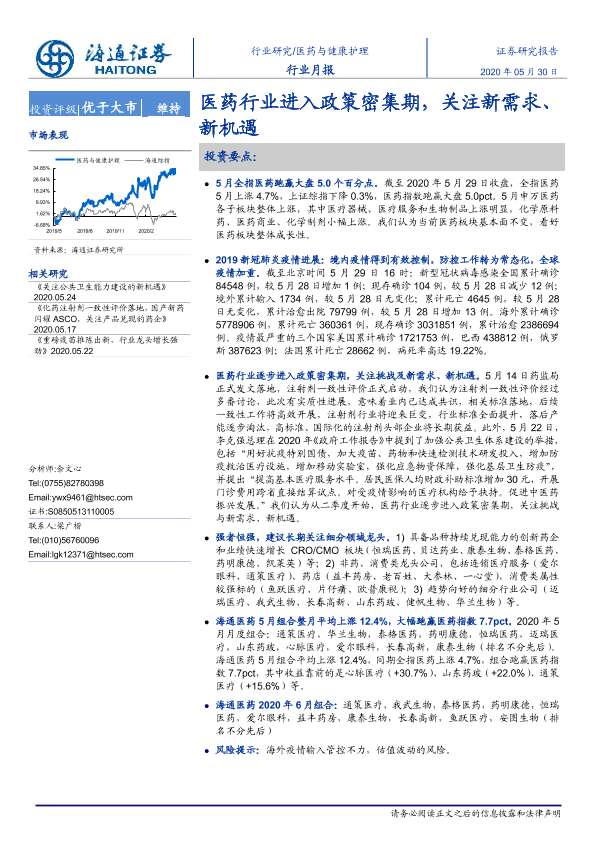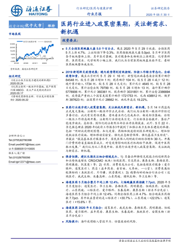 【海通证券】【20200530】医药与健康护理行业月报:医药行业进入政策密集期,关注新需求、新机遇-5页
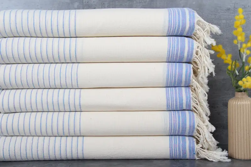 The product is characterized by its fiber composition, made entirely from 100% organic Turkish cotton, ensuring superior durability and absorbency. Each piece, measuring 36x67 inches or 90x170 centimeters, with a weight of 200 grams, showcases meticulous hand-weaving, resulting in tolerances of 1-2.5 cm. Embroidery customization options are available, and the towels are pre-shrunk, maintaining their shape after washing.
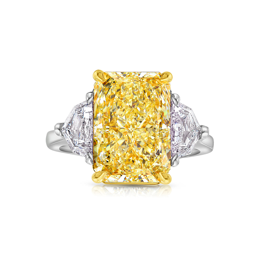 Viewed from the side as well as from above, the architecture reveals how carefully the fancy colour diamonds are staged. The approximately 5 carats of Fancy Yellow Radiant cut diamonds are set at slightly graduated heights and tilts so they catch and return light to the viewer from multiple directions.

WHAT YOU ARE ASKED TO DO => With all pictures left out, please transcribe exactly the lines from the start of the material through the line with "The product is".

OUTPUT OF THE EXERCISE =>
 【海通证券】【20200530】医药与健康护理行业月报:医药行业进入政策密集期,关注新需求、新机遇-5页
 The product is characterized by its fiber composition, made entirely from 100% organic Turkish cotton, ensuring superior durability and absorbency. Each piece, measuring 36x67 inches or 90x170 centimeters, with a weight of 200 grams, showcases meticulous hand-weaving, resulting in tolerances of 1-2.5 cm. Embroidery customization options are available, and the towels are pre-shrunk, maintaining their shape after washing.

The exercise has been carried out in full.